◆ **Supplied entries**
##############################
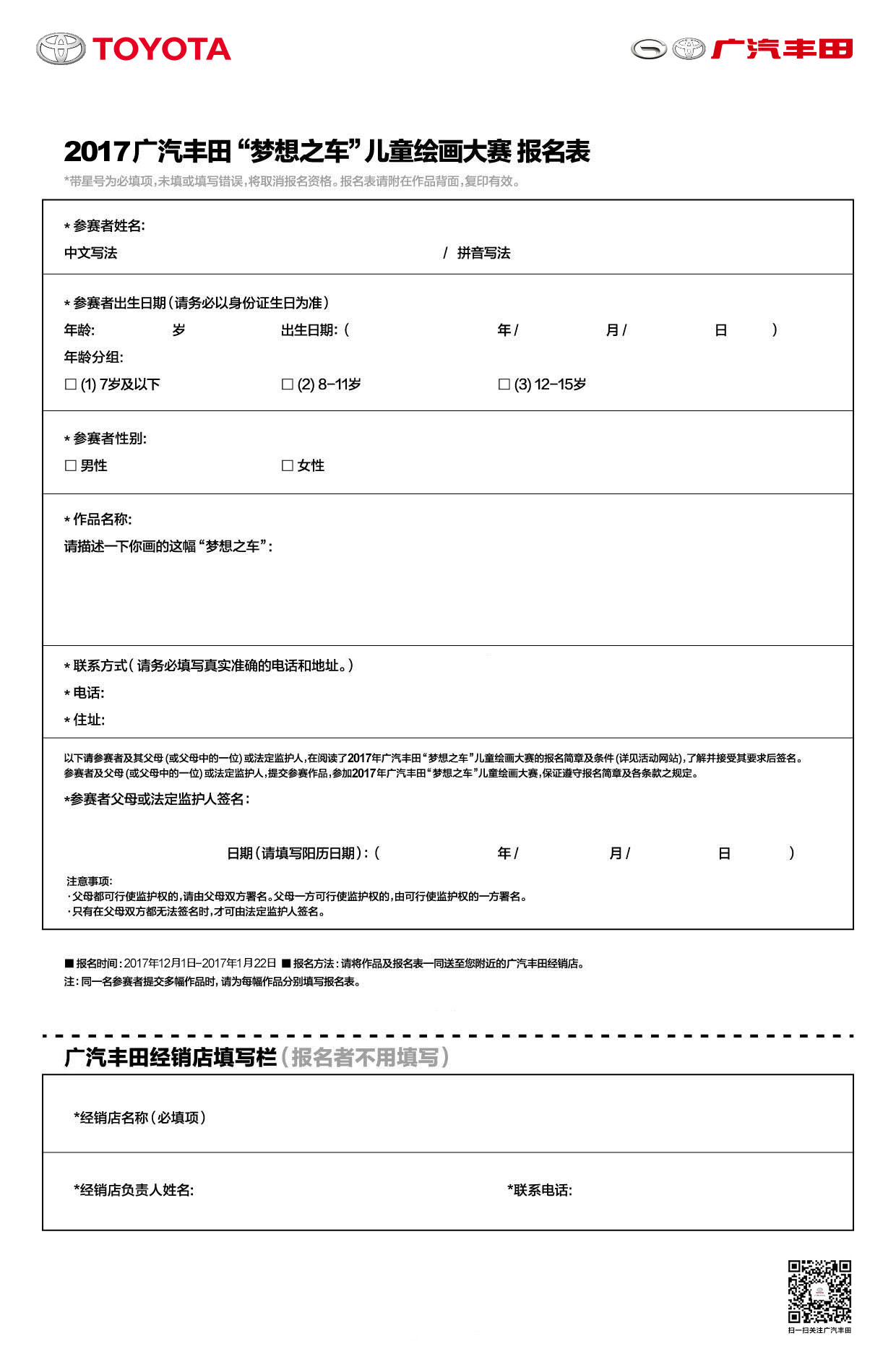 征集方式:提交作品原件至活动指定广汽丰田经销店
##############################
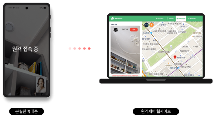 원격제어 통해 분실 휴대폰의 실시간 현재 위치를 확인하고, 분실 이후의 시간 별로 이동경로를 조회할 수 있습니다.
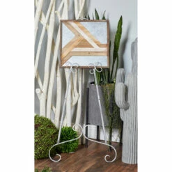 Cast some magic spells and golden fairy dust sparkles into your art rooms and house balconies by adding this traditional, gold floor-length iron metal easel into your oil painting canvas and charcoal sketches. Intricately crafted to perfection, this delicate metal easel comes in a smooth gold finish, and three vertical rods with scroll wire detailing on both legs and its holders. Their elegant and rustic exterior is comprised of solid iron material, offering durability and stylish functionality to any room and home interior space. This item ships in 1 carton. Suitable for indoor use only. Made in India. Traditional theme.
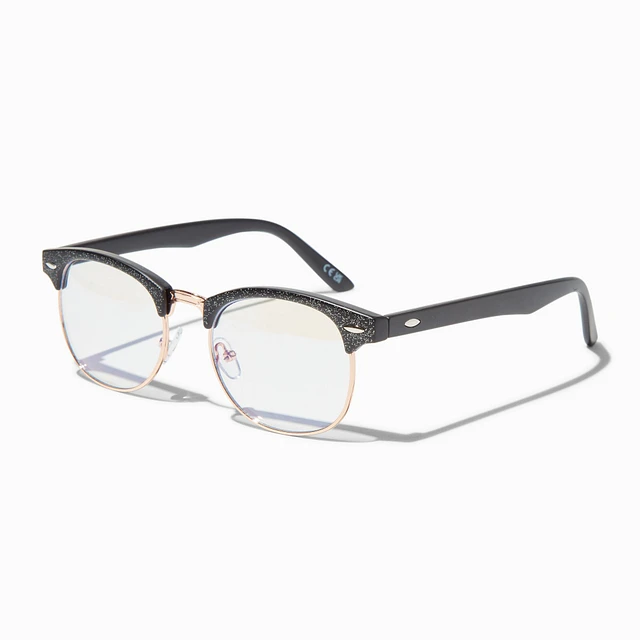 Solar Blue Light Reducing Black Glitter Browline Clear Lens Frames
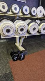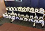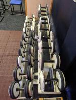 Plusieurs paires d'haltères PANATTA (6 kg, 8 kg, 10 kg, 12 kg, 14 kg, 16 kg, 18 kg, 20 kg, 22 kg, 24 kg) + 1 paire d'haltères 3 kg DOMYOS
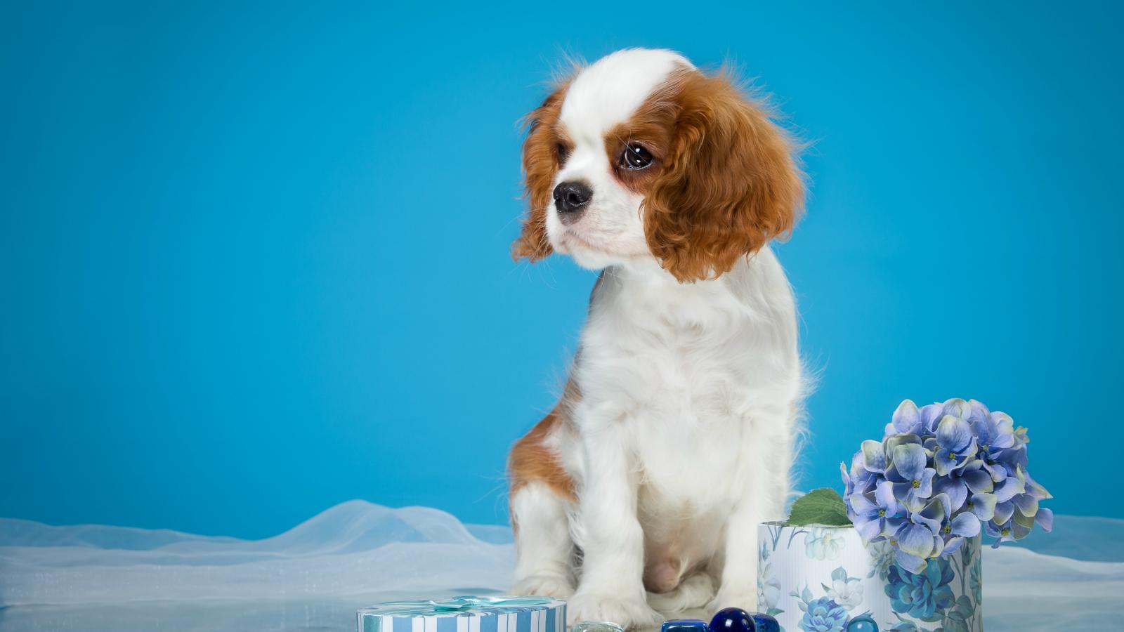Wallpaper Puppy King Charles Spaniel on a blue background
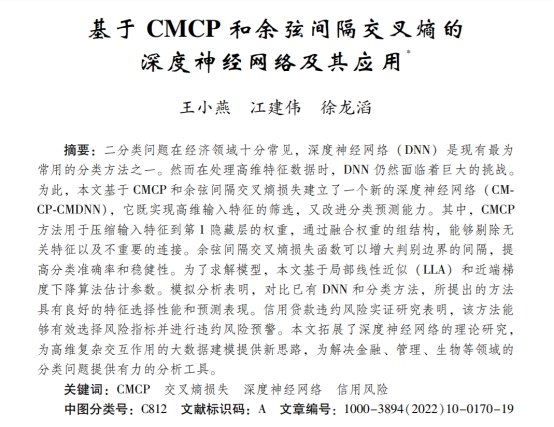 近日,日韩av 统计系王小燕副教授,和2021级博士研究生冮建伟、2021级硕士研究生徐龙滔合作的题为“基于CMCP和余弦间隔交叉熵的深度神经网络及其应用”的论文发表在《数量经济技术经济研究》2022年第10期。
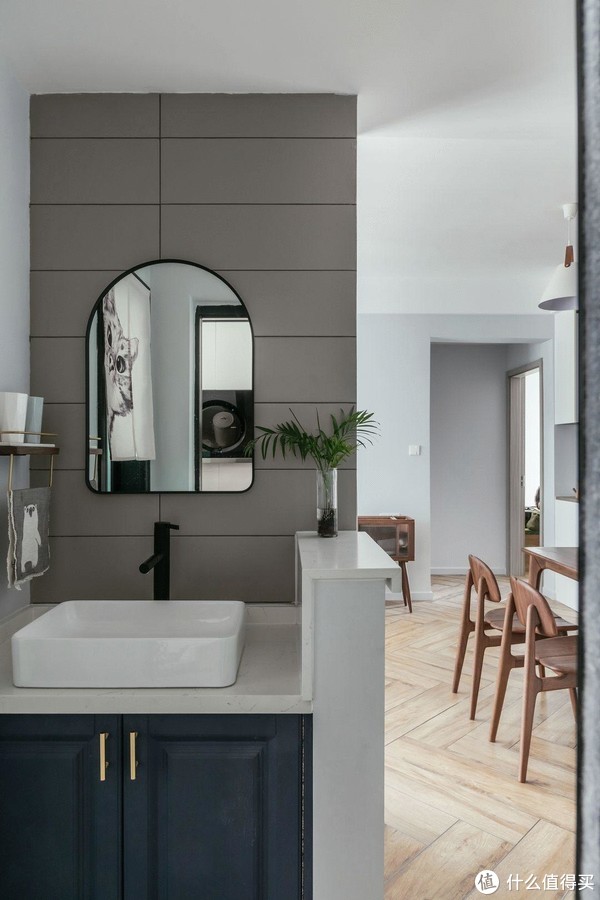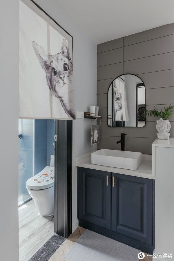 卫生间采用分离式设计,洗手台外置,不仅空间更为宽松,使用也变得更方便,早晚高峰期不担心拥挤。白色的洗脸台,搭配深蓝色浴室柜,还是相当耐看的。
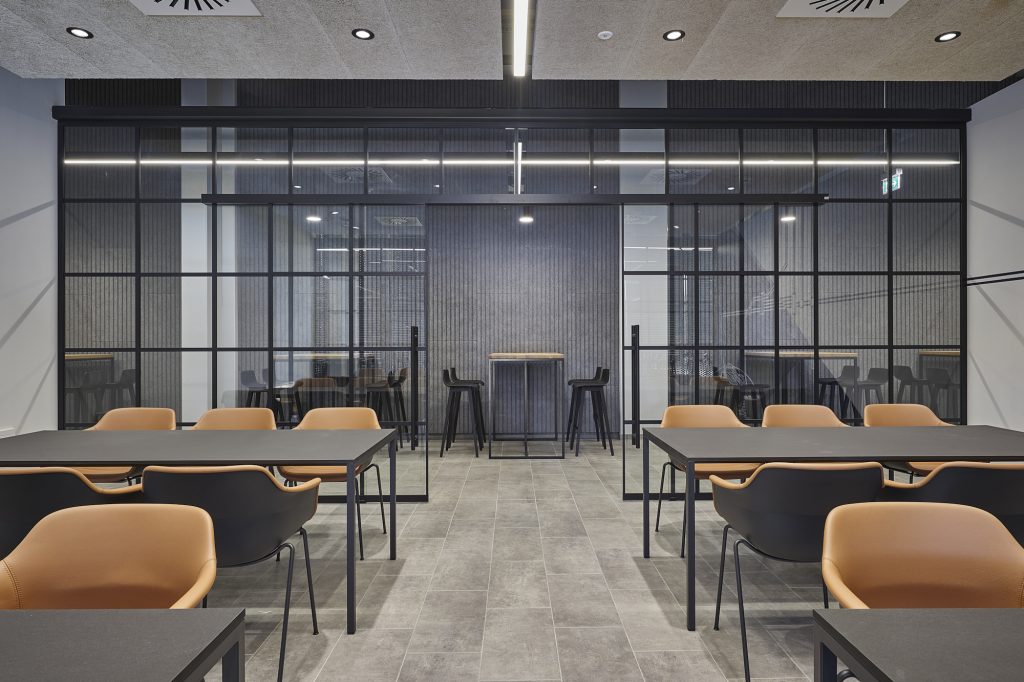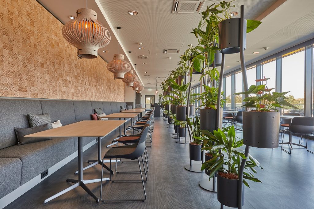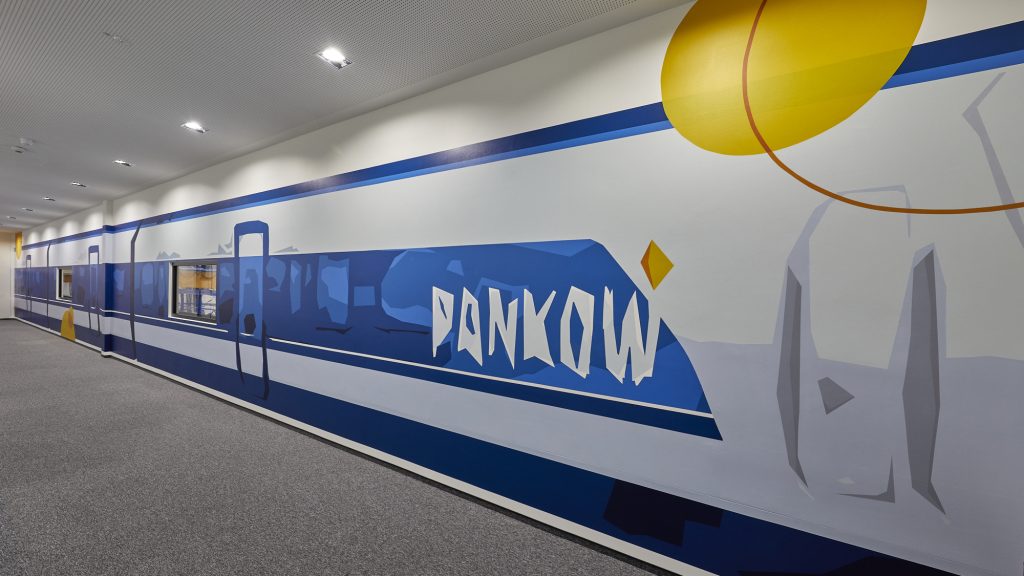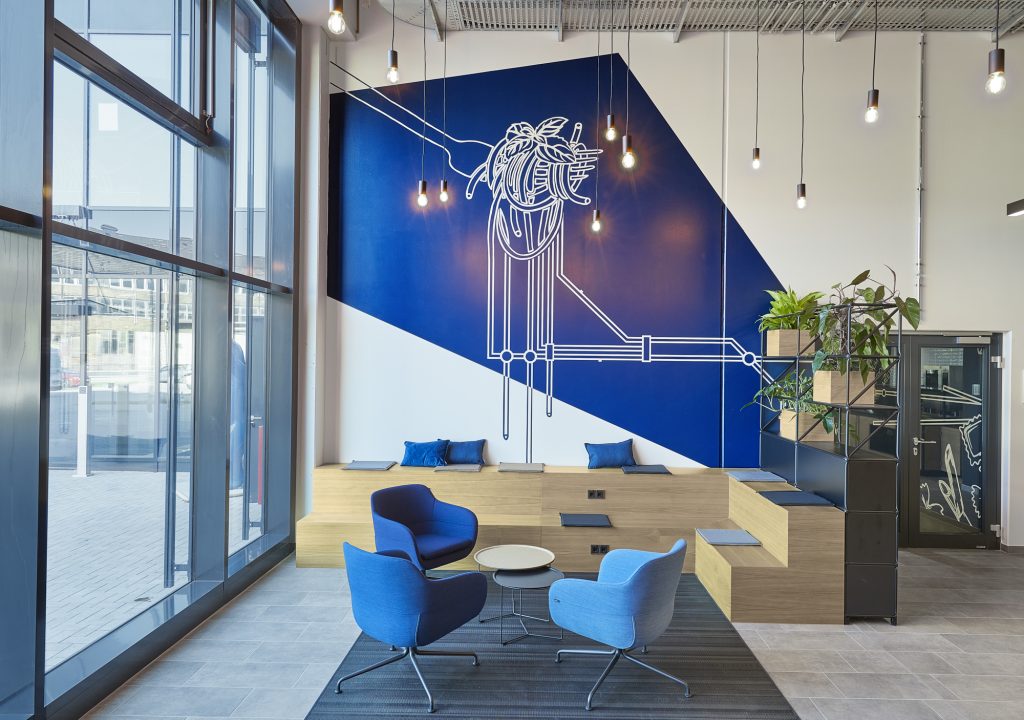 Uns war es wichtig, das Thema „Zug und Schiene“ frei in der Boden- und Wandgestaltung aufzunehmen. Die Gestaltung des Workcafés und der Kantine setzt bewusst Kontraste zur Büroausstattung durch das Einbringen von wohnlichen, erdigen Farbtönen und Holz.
##############################
◆ **Problem to solve**
In the records above, find the line with "近日,日韩av 统计系王小燕". Print exactly from there through the line with "Uns war es wichtig, das", minus the pictures.

◆ **Output**
 近日,日韩av 统计系王小燕副教授,和2021级博士研究生冮建伟、2021级硕士研究生徐龙滔合作的题为“基于CMCP和余弦间隔交叉熵的深度神经网络及其应用”的论文发表在《数量经济技术经济研究》2022年第10期。
 卫生间采用分离式设计,洗手台外置,不仅空间更为宽松,使用也变得更方便,早晚高峰期不担心拥挤。白色的洗脸台,搭配深蓝色浴室柜,还是相当耐看的。
 Uns war es wichtig, das Thema „Zug und Schiene“ frei in der Boden- und Wandgestaltung aufzunehmen. Die Gestaltung des Workcafés und der Kantine setzt bewusst Kontraste zur Büroausstattung durch das Einbringen von wohnlichen, erdigen Farbtönen und Holz.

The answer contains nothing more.